Saturday, September 17, 2011

Naive Monte Carlo and Map Reduce

Think about map reduce and Monte Carlo methods. Specifically think about the prototypical application of Monte Carlo methods to measure a volume defined by a function. In this application one samples a set of points and counts what proportion fall within the volume. The simplest case is to sample uniformly over some bounding rectangle whose volume is known, the measured volume is this known volume times the calculated proportion. The wikipedia article is pretty good: http://en.wikipedia.org/wiki/Monte_Carlo_integration

Naive Monte Carlo is a one shot deal. The sampling distribution doesn't change over time and specifically doesn't depend on any prior samples. This would seem perfect for map reduce. You have some source that generates random numbers uniformly over the bounding rectangle. The mapping function is the indicator function for the volume being measured. The reducer is the mean. Lets consider each of these in turn.

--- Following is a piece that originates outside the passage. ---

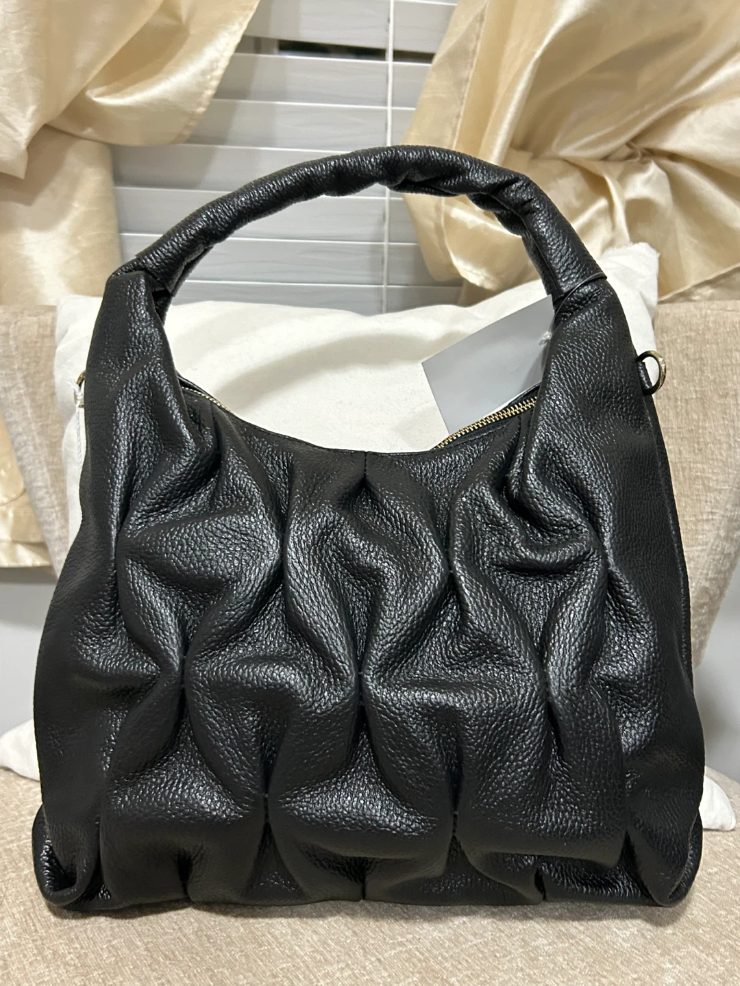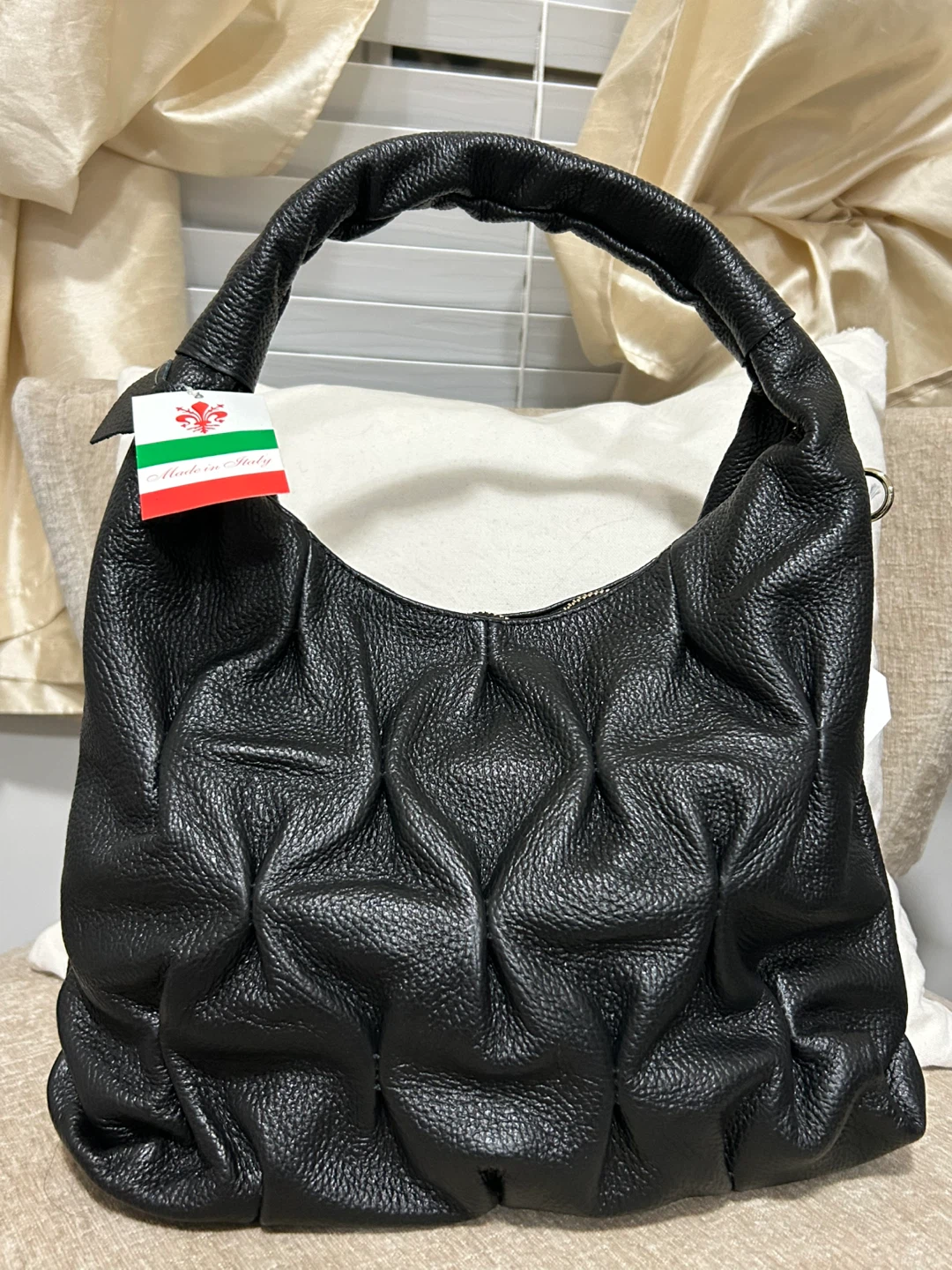 Selling a stylish black leather handbag that was made in Italy. It's in great condition and features a unique, gathered design. Perfect for adding a touch of Italian flair to your wardrobe!

In a more standard map reduce application the source would be some file or set of data. Here though its a generator. The generator is generating a sequence of n-dimensional random vectors. Unless the dimensionality is very large the bandwidth requirements are probably pretty low, although that must really be considered relative the the time required to evaluate the indicator function. Random number generation can be relatively CPU intensive, and so we should probably distribute that generation. Its not exactly clear how to do this, especially if the number of live remote nodes varies over time, or if there is some variability in the time required to evaluate the indicator function. I don't know how to do this ... yet, but I think its interesting.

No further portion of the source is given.